Plese help us, if you can somehow!

Thank you in anticipation,

Jozsef,


----------



## Lunasong

Sheep may safely graze and pasture
Where a shepherd guards them well.
So the nation ruled in wisdom
Knows and shares the many blessings
Which both peace and plenty bring.
from Youtube link

or 
Sheep may safely graze and pasture
In a watchful Shepherd's sight.
Those who rule with wisdom guiding
Bring to hearts a peace abiding
Bless a land with joy made bright.

or
Sheep may safely graze and pasture, 
When their shepherd guards them well.
They whose monarch loves them truly, 
knows their needs and fills them duly, 
Will in peace and concord dwell.

or
Sheep may safely graze and pasture
Where a Shepherd guards them well
By still waters ere he feeds them,
To the fold he gently leads them,
Where securely they may dwell


----------



## sospiro

Does this help?

Text for St Matthew Passion

PS Welcome to the forum, hope you stick around


----------



## Barcza

Lunasong said:


> Sheep may safely graze and pasture
> Where a shepherd guards them well.
> So the nation ruled in wisdom
> Knows and shares the many blessings
> Which both peace and plenty bring.
> from Youtube link
> 
> or
> Sheep may safely graze and pasture
> In a watchful Shepherd's sight.
> Those who rule with wisdom guiding
> Bring to hearts a peace abiding
> Bless a land with joy made bright.
> 
> or
> Sheep may safely graze and pasture,
> When their shepherd guards them well.
> They whose monarch loves them truly,
> knows their needs and fills them duly,
> Will in peace and concord dwell.
> 
> or
> Sheep may safely graze and pasture
> Where a Shepherd guards them well
> By still waters ere he feeds them,
> To the fold he gently leads them,
> Where securely they may dwell


Thank you very much! I search you tube but didn't find that. Thanks again.
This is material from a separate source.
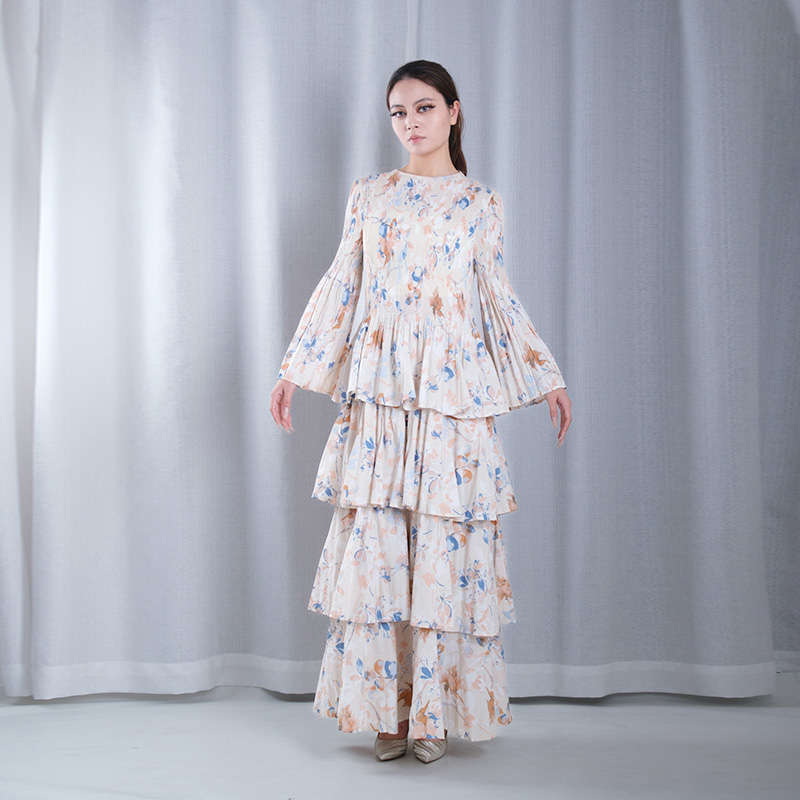 floral pattern multicolored pleated overlay ruffle round neck lantern sleeve asymmetrical hemline loose full dresses for banquet dance wear plus sizes in pink

This is the youtube video of the Erbarme Dich, in english but no lyrics:


----------



## Barcza

sospiro said:


> Does this help?
> 
> Text for St Matthew Passion
> 
> PS Welcome to the forum, hope you stick around


Thank you, but it seems that's not the lyric is a translation.

This would be good:


----------



## sospiro

Barcza said:


> Thank you, but it seems that's not the lyric is a translation.
> 
> This would be good:


Apologies, I misunderstood.


----------